TensorFlow Lite is TensorFlow's lightweight solution for mobile and embedded devices. It allows you to run machine learning models on edge devices with low latency, eliminating the need for a server.
This article provides a step-by-step guide on converting a Tensorflow Object Detection model to an optimized format that can be used with Tensorflow Lite and how to run it on an edge device like the Raspberry Pi.
All the code covered in the article can be found on my Github.
1. Train an object detection model using the Tensorflow Object Detection API
For this guide, you can use a pre-trained model from the Tensorflow Model zoo or train a custom model as described in one of my other Github repositories.
Note: At this time only SSD models are supported.
2. Convert the model to Tensorflow Lite
After you have a Tensorflow Object Detection model, you can start to convert it to Tensorflow Lite.
This is a three-step process:
- Export frozen inference graph for TFLite
- Build Tensorflow from source (needed for the third step)
- Using TOCO to create an optimized TensorFlow Lite Model
2.1 Export frozen inference graph for TFLite
After training the model, you need to export the model so that the graph architecture and network operations are compatible with Tensorflow Lite. This can be done with the export_tflite_sdd_graph.py
file inside the object_detection directory.

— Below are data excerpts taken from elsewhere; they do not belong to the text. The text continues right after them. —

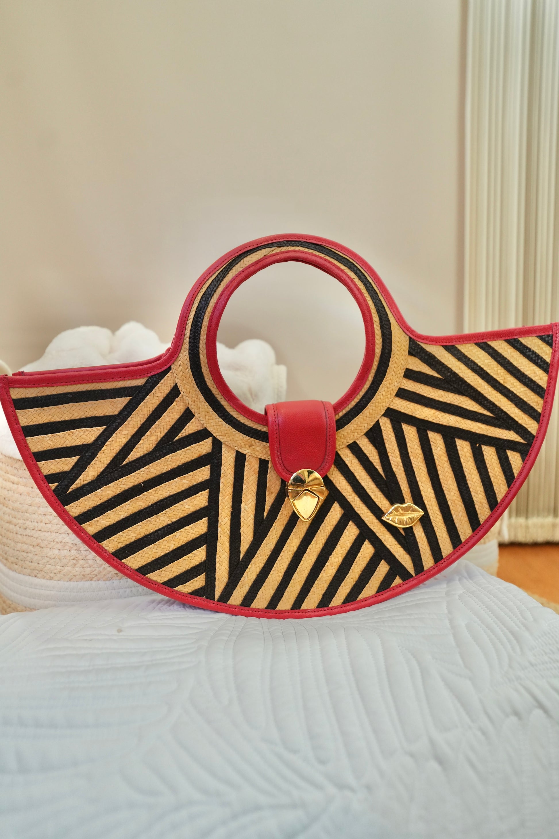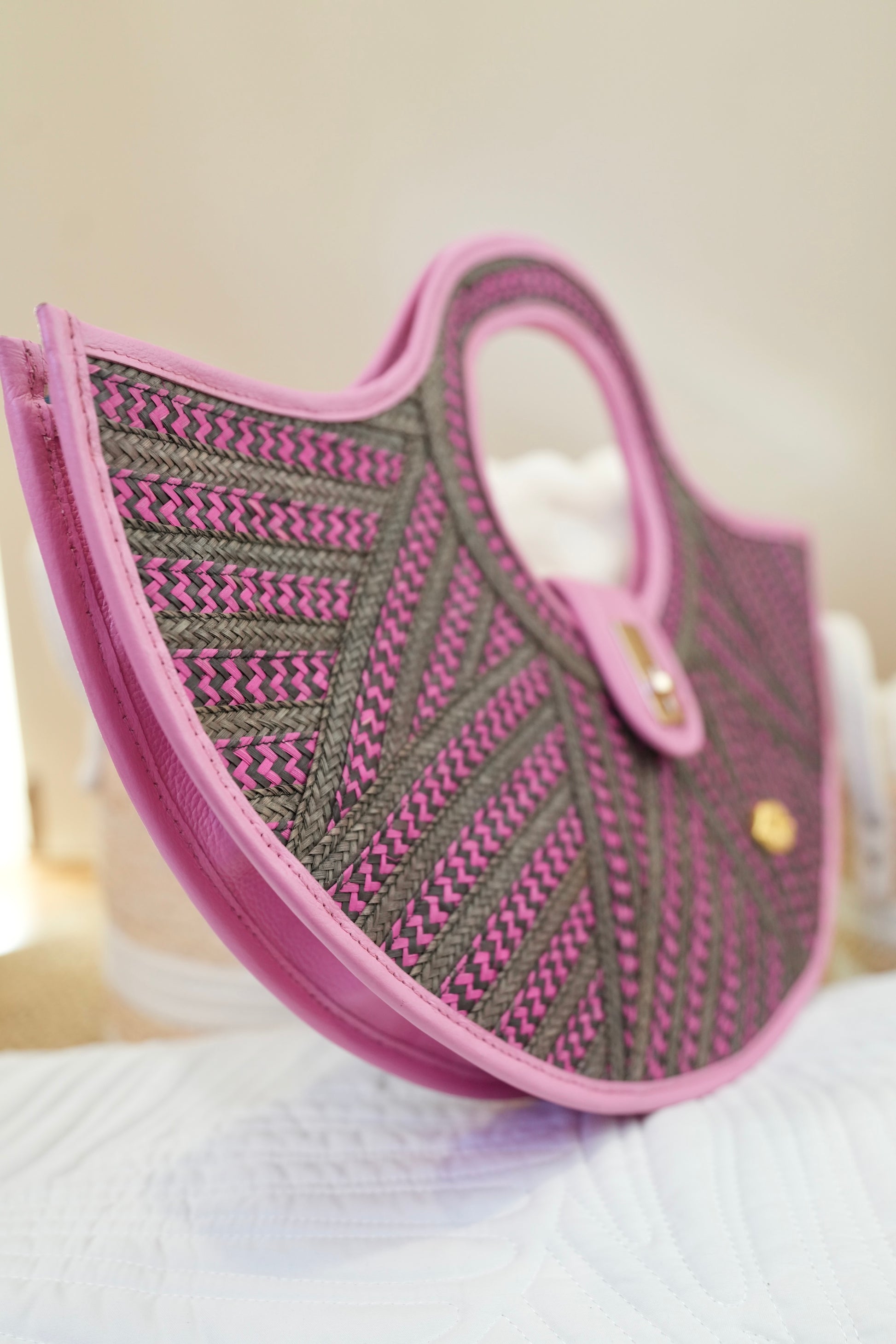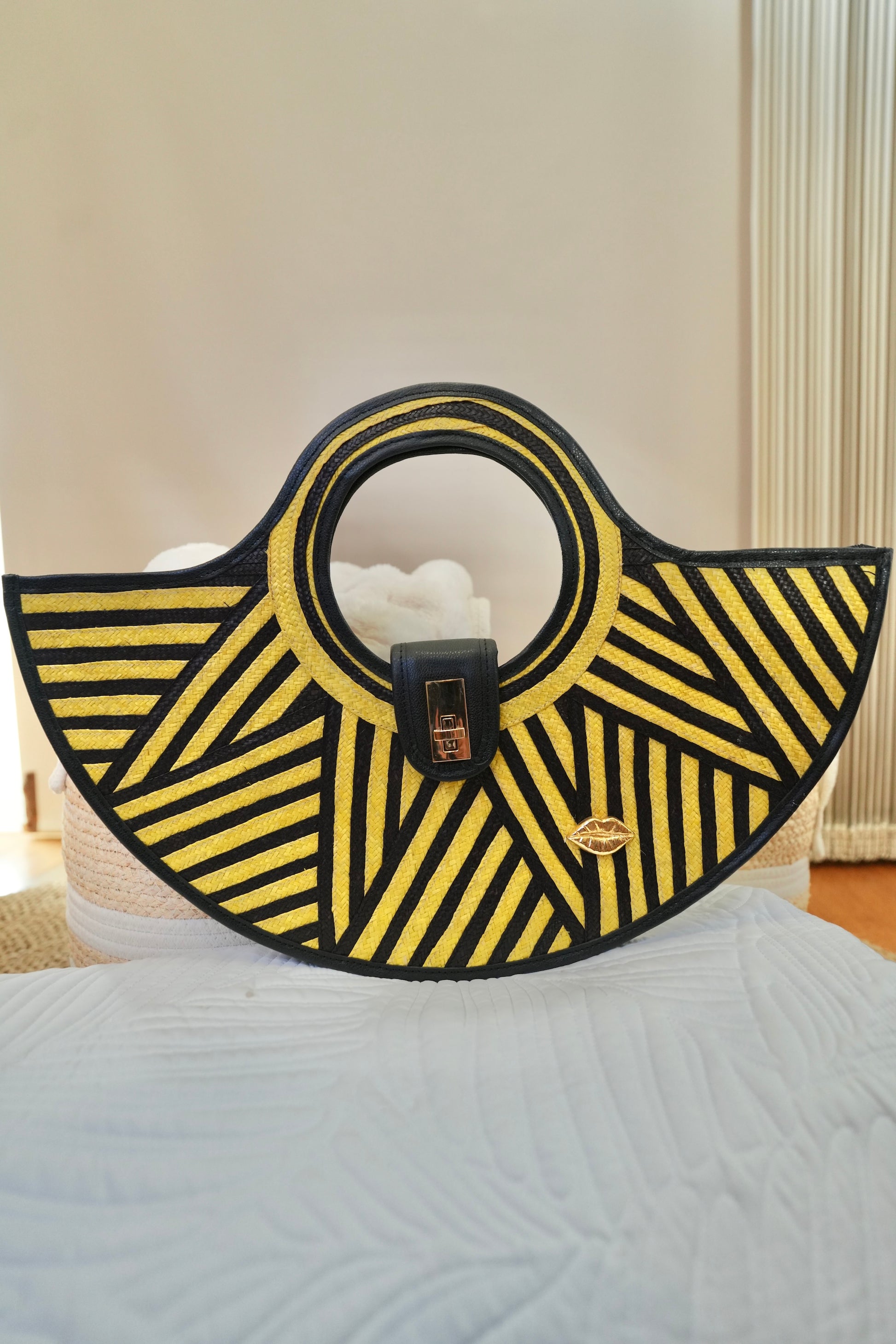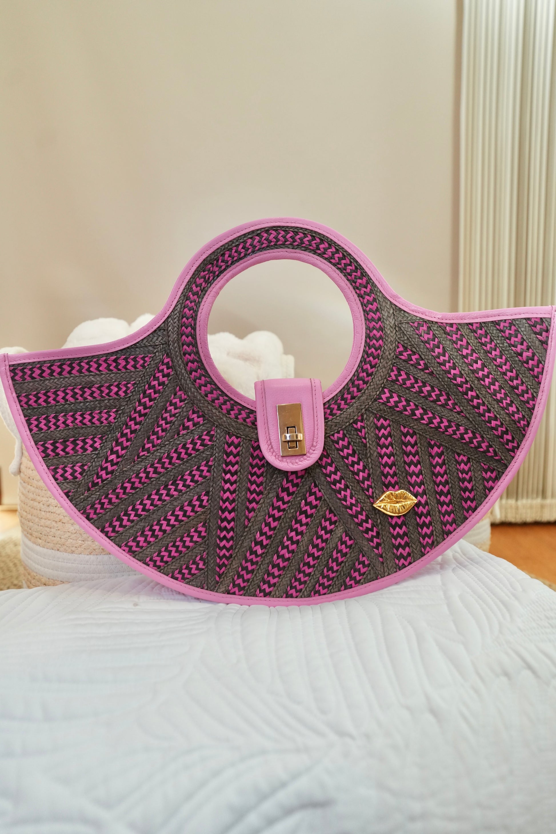 The geometric black and fuchsia contrast creates a modern, sophisticated visual effect, highlighted by gold hardware and the iconic Bluelips kiss.
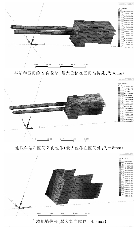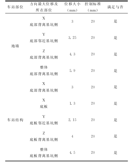 结构整体位移(主要为坑底位移、地面位移和围护体系的位移、地铁车站和区间结构的位移)
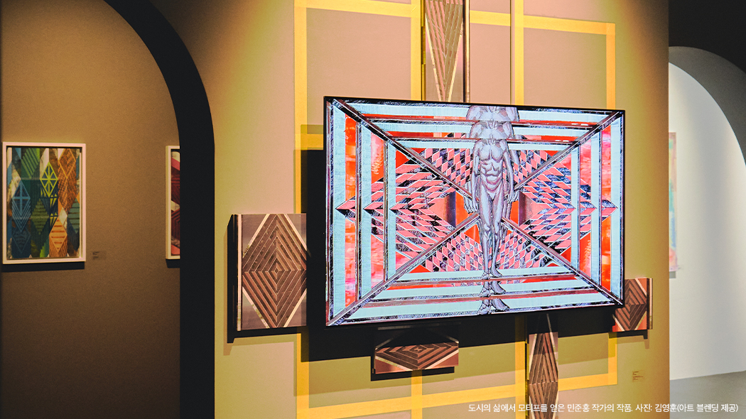 세 번째 섹션은 예상하던 대로 자유분방함이 가득하다. 바로 영화 <기생충> 속 자화상을 그린 지비지 작가의 공간이다. 이곳에서는 식물, 나무, 동물, 인간 등 주변의 자연을 모티프로 작업한 컬러풀한 캔버스 작품이 재기 발랄한 분위기를 내뿜는다. 뒤이어 민준홍 작가의 섹션도 눈길을 끈다. 영국과 한국을 오가며 탄탄하게 다져온 회화와 미디어 설치 장르의 신작이 주를 이룬다. 도시에서 발견한 사물과 풍경, 주변인들과의 관계를 드로잉, 영상 등 다양한 매체로 표현하는 민준홍 작가의 예술적 언어를 엿볼 수 있다.
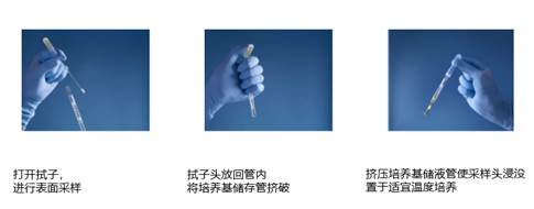 3)棉簽擦拭法:用已預(yù)濕潤的ICR Swabs取樣拭子頭在干燥表面上小心沿水平和垂直方向擦拭取樣。隨后將ICR Swabs頂部的TSB液體培養(yǎng)基擠進(jìn)拭子頭的試管中,由于干燥可能會(huì)延長微生物生長的遲緩期,所以將Swabs取樣拭子30–35°C培養(yǎng)長達(dá)七天,并每日目視檢查觀察試管的濁度情況。
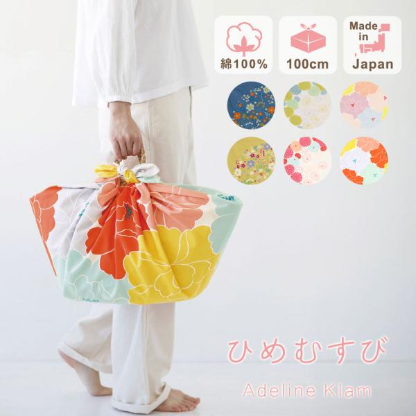 ひめむすび Adeline Klam アデリーヌ クラム 風呂敷 ふろしき 大判 大きい 100cm 綿 100% オーガニックコットン むす美 おしゃれ 【タイプA-L対応商品】
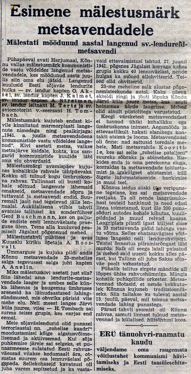 Esimene mälestusmärk metsavendadele

To make the following commands easier to run, let's set up some environment variables:
export CONFIG_FILE=PATH_TO_BE_CONFIGURED/pipeline.config
export CHECKPOINT_PATH=PATH_TO_BE_CONFIGURED/model.ckpt-XXXX
export OUTPUT_DIR=/tmp/tflite
on Windows, use set
instead of export
:
set CONFIG_FILE=PATH_TO_BE_CONFIGURED/pipeline.config
set CHECKPOINT_PATH=PATH_TO_BE_CONFIGURED/model.ckpt-XXXX
set OUTPUT_DIR=C:<path>/tflite
XXXX represents the highest number.
python export_tflite_ssd_graph.py \
--pipeline_config_path=$CONFIG_FILE \
--trained_checkpoint_prefix=$CHECKPOINT_PATH \
--output_directory=$OUTPUT_DIR \
--add_postprocessing_op=true
After executing the above command, you should see two files in the OUTPUT_DIR
: tflite_graph.pb
and tflite_graph.pbtxt
.
2.2 Convert to TFLite
To convert the frozen graph to Tensorflow Lite, we need to run it through the Tensorflow Lite Converter. It converts the model into an optimized FlatBuffer format that runs efficiently on Tensorflow Lite.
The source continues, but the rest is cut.